3
votes

I am trying to copy an avro file to redshift using the COPY command. The file has a column that is of the type:

{'name': 'timestamp', 'type': ['null', {'logicalType': 'timestamp-millis', 'type': 'long'}]}],

Redshift variable type: "timestamp" timestamptz

When I run the following command copy if fails:

COPY table_name 
from 'fil_path.avro' 
iam_role 'the_role' 
FORMAT AS avro 'auto' 

raw field value: 1581306474335

Invalid timestamp format or value [YYYY-MM-DD HH24:MI:SSOF]

However If I add the following line It works:

timeformat 'epochmillisecs'

I tried to put my timestamp in microseconds which should be the base supported epoch resolution but it fails as well, and didn't find an appropriate name (epochmicrosecs didn't seem to do the job). My question is why is it so?

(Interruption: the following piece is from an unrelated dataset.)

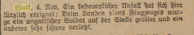 Quoi qu'il en soit, en novembre 1918 alors que la guerre touchait à sa fin, un pilote d'aéroplane allemand stationné à Stotzheim, voulant atterrir sur la Hagelmatt pour un rendez-vous galant avec la fille du receveur fiscal de Valff, écrasa fissa deux soldats hongrois qui participaient à une manœuvre. Le premier fut tué, le deuxième grièvement blessé. Il reprit promptement les airs pour ne pas se faire lyncher par les copains hongrois furax ! L'amour donne des ailes, il parait... 🦋
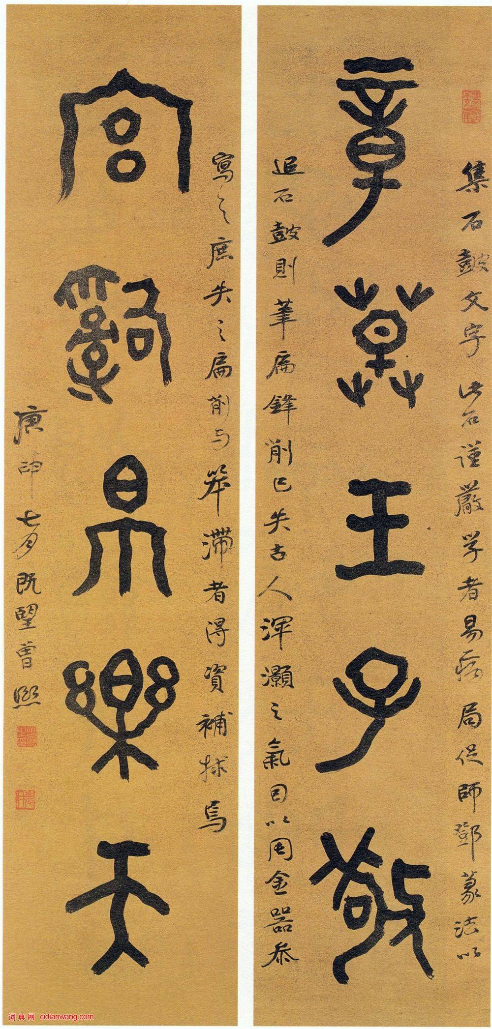 曾熙《篆書章草宮辭五言聯》紙本篆書 130×31cm×2 1920年作

Furthermore I have another field that is causing some problem. A date field which apparently is saved as a number of days in the avro file (7305) that gives the following error:

Redshift variable type: "birthdate" date

avro: 'date_of_birth', 'type': ['null', {'type': 'int', 'logicalType': 'date'}]}

Invalid Date Format - length must be 10 or more

1
I have no clue as of why my solution works. I had the same problem (date as number of days after epoch). I passed the date as text '2020-02-01' and it worked. - Gabber

1 Answers

0
votes

Firstly, about the Time Format:

As Docs states:

COPY command attempts to implicitly convert the strings in the source data to the data type of the target column. If you need to specify a conversion that is different from the default behavior, or if the default conversion results in errors, you can manage data conversions by specifying the following parameters.

First Solution:

Redshift Doesn't Recognize epoch time by default to be able to convert it to the format of TimeStamp as a result it can't extract year, month, day..etc from the epoch time to put them in the TimeStamp Format, as stated by the Docs:

If your source data is represented as epoch time, that is the number of seconds or milliseconds since January 1, 1970, 00:00:00 UTC, specify 'epochsecs' or 'epochmillisecs'.

This is the supported Formats that Redshift can convert Using automatic recognition.

  • TimeStamp needs the format to be as YYYYMMDD HHMISS = 19960108 040809 to be able to extract it right, that's what the error state Invalid timestamp format or value [YYYY-MM-DD HH24:MI:SSOF], while epoch time format is just seconds or milliseconds since January 1, 1970 that it doesn't understand how to extract it's values from.
  • microseconds isn't supported as a parameter for TIMEFORMAT in Redshift.

Second Solution:

  1. You won't need to pass TIMEFORMAT to the COPY command, but you will insert epoch time in your staging tables as VARCHAR or TEXT.
  2. Then, when inserting epoch time from your staging tables into the schema tables convert it like this: TIMESTAMP 'epoch' + epoch_time/1000 * interval '1 second' AS time

Secondly, about date field:

  • DATE data type is specified as Calendar date (year, month, day) as stated by the Docs, As a result it can't be the number of days or be less than 10 characters in length (as 2021-03-04) and that's what the error tell us Invalid Date Format - length must be 10 or more.

The solution for Date field:

  1. You need to do a work-around, by passing the number of days as a VARCHAR or text to your staging tables.
  2. When loading the schema tables from the staging tables, apply Data cleaning by convert number of days to a DATE using TOCHAR: TO_DATE(TO_CHAR(number of days, '9999-99-99'),'YYYY-MM-DD')
  • As a result, number of days will be a valid DATE in your schema tables.